Hoda M Sroor et al. Sci Rep.

Abstract

Inflammatory bowel disease (IBD) patients frequently suffer from anxiety disorders and depression, indicating that altered gut-brain axis signalling during gastrointestinal inflammation is a risk factor for psychiatric disease. Microglia, immune cells of the brain, is thought to be involved in a number of mental disorders, but their role in IBD is largely unknown. In the current work, we investigated whether colitis induced by dextran sulphate sodium (DSS), a murine model of IBD, alters microglial phenotypes in the brain. We found that colitis caused a reduction of Iba-1 and CD68 immunoreactivity, microglial activation markers, in specific brain regions of the limbic system such as the medial prefrontal cortex (mPFC), while other areas remained unaffected. Flow cytometry showed an increase of monocyte-derived macrophages during colitis and gene expression analysis in the mPFC showed pronounced changes of microglial markers including cluster of differentiation 86 (CD86), tumour necrosis factor-α, nitric oxide synthase 2, CD206 and chitinase-like protein 3 consistent with both M1 and M2 activation. Taken together, these findings suggest that experimental colitis-induced inflammation is propagated to the brain altering microglial function.

Conflict of interest statement

This work was supported by the Austrian Science fund (FWF); grant number: P 25912-B23.

Figures

Figure 1
Figure 1
Colitis decreases Iba-1 immunoreactivity in the infralimbic cortex (ILC), independently of stress exposure. Panels a-d show representative images of Iba-1 immunohistochemical micrographs for the 4 treatment groups under study: VEH/CO (a), VEH/WAS (b), DSS/CO (c) and DSS/WAS (d); The selected counting area within the region of interest is indicated by a red rectangle (300 × 300 µm). Abbreviations: DP-dorsal peduncular cortex, fmi-forceps minor corpus callosi, ILC-infralimbic cortex.
Figure 2
Figure 2
Brain region-specific effects of colitis and water avoidance stress (WAS) on Iba-1 immunoreactivity in the limbic system. DSS-induced colitis decreases Iba-1 immunoreactivity in the infralimbic cortex (ILC; a), cingulate cortex (CC; b) and medial amygdala (MeA; c), while WAS had no effect.
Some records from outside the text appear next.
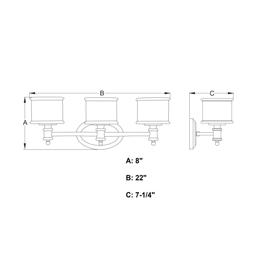 22-in W x 8-in H x 7.25-in D with 7.75-in W x 5.13-in H backplate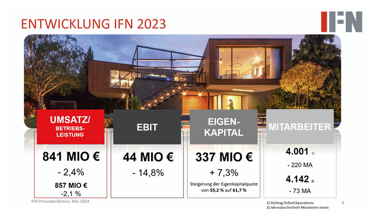 Einen leichten Rückgang gab es bei den Beschäftigten: Im Jahresdurchschnitt waren 4.142 Mitarbeiter und Mitarbeiterinnen bei IFN beschäftigt, was einem Rückgang von 73 Personen oder 1,7 % entspricht.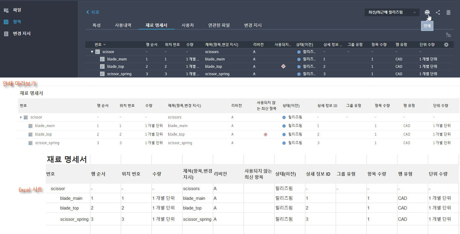 파일, 항목 또는 변경 지시 상세 정보 탭에서 인쇄 아이콘을 클릭합니다.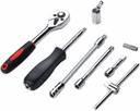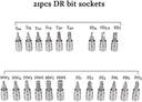 13 Pieces 1/4 inch DR Sockets: 4, 5, 5.5, 6, 7, 8, 9, 10, 11, 12, 13, 14 mm and 1 Piece 1/4 inch DR Bit Adaptor 21 Pieces 1/4 inch DR Bit Sockets: FD4, 5, 7 PH1, 2, 3 PZ1, 2, 3 HW3, 4, 5, 6, 7, 8 T10, 15, 20, 25, 30, 40; 3 Pieces Hex Key Wrenches: 5, 2, 5 mm 1 Piece 1/4 inch DR universal joint and 1 piece 1/4 inch DR sliding T bar 2 Pieces 1/4 inch DR Extension Bars: 2 inch and 4 inch; 1 piece 1/4 inch DR quick ratchet handle 1 Piece 1/4 inch DR Flexible Extension: 6 inch; 1 Piece 1/4 inch DR Spinner Handle: 6 inch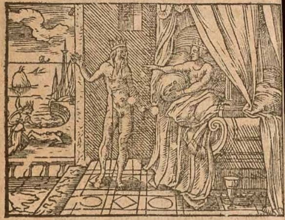 This engraving illustrates Morpheus, the son of the god of sleep, appearing to Alcyone in a dream in the form of King Ceyx. Unbeknownst to Alcyone, her husband King Ceyx of Thessaly had died in a shipwreck. She constantly prayed to the goddess Juno for her husband’s safe return, however, Juno wanted to reveal to Alcyone that he was in fact dead. Juno sent her messenger, Iris, to the god of Sleep and told him to appear to Alcyone in a dream to reveal her husband’s death. The god of sleep sent his son Morpheus to handle the task, as he can shape shift into any human being. As depicted in the engraving, Morpheus took the form of a dead King Ceyx, and appeared to Alcyone to reveal his death. Alcyone is illustrated pointing at him as she is surprised by his appearance and grieved to know that he is dead. The background of the engraving illustrates Alcyone after she has woken from her dream. She walked along the shores and came across the washed-up body of King Ceyx on the shores of the beach. She is depicted with her arms in the air, about to throw herself onto the body of her husband.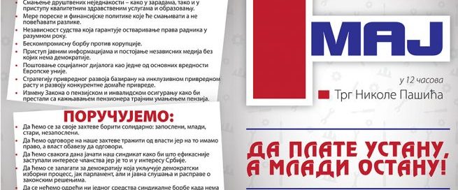 Уз рeткe изузeткe, зaпoслeнимa, кao уoстaлoм ни пeнзиoнeримa и нeзaпoслeнимa у Србиjи нeмa штa дa сe чeститa зa прaзник рaдa.

In the hippocampus, both colitis and WAS failed to alter Iba-1-immunoreactivity in Cornu ammonis area 1 (CA1; d) and Cornu ammonis area 3 (CA3; e), but colitis reduced Iba-1 signals in the dentate gyrus (DG; f) independently of stress exposure. In the hypothalamus colitis decreased Iba-1 levels in the paraventricular nucleus of the hypothalamus (PVH; g) independently of stress exposure, but both colitis and WAS did not alter Iba-1 immunoreactivity in the lateral hypothalamus (LH; h). Two-way analysis of variance (ANOVA), **p < 0.01, *p < 0.05 DSS main factor effect.
Figure 3
Figure 3
Brain region-specific effects of colitis and water avoidance stress (WAS) on CD68 immunoreactivity in the limbic system. Both DSS-induced colitis and WAS did not alter CD68 immunoreactivity in the infralimbic cortex (ILC; a) and cingulate cortex (CC; b), but colitis reduced CD68 levels in the medial amygdala (MeA; c) and Cornu ammonis area 1 (CA1; d) independently of stress exposure. WAS and colitis failed to alter CD68 immunoreactivity in other hippocampal and hypothalamic brain regions including Cornu ammonis area 3 (CA3; e), dentate gyrus (DG; f), paraventricular nucleus of the hypothalamus (PVH; g) and lateral hypothalamus (LH; h). Two-way analysis of variance (ANOVA), *p < 0.05 DSS main factor effect.
Figure 4
Figure 4
Colitis decreases CD68 immunoreactivity in the Cornu ammonis area 1 (CA1), independently of stress exposure. Panels a–d show representative images of CD68 immunohistochemical micrographs for the 4 treatment groups under study: VEH/CO (a), VEH/WAS (b), DSS/CO (c) and DSS/WAS (d); The selected counting area within the region of interest is indicated by a red rectangle (300 × 300 µm). Abbreviations: CA1- Cornu ammonis area 1, CCal-corpus callosum, DG-dendate gyrus.
Figure 5
Figure 5
Colitis induces pronounced changes in microglial marker expression in the medial prefrontal cortex. Panels a-k show relative mRNA expression levels of ionized calcium-binding adapter molecule 1 (Iba-1; a), cluster of differentiation 68 (CD68; b), cluster of differentiation 11b (CD11b; c), chitinase-like protein 3 (Chil3; d), cluster of differentiation 206 (CD206; e), arginase 1 (Arg1; f), cluster of differentiation 86 (CD86; g), tumour necrosis factor-α (TNF-α; h), interleukin 1β (IL-1ß; i), nitric oxide synthase 2 (Nos2; j) and indoleamine 2,3-dioxygenase 1 (IDO-1; k). The data presented are means + SEM, n = 7–8/group; t-tests, *p < 0.05, **p < 0.01, ***p < 0.001 vs. VEH.
Figure 6
Figure 6
Colitis increases the number of monocyte-derived macrophages in the brain. (a) Representative polychromatic dot plots demonstrating the gating strategy employed to identify microglia and monocyte-derived macrophages in the brains of mice. Starting at the top left, a size gate was applied followed by gating on live (PI) and CD45+ cells. Finally, microglia cells were defined as CD11b+/CD45med and monocyte-derived macrophages were identified as CD11b+/CD45high (b,c). Colitis increased the number of monocyte-derived macrophages, but did not alter the number of microglial cells. Cell counts normalized to tissue weight. Data are presented as means + SEM, n = 10/group; t-tests, *p < 0.05, vs. VEH.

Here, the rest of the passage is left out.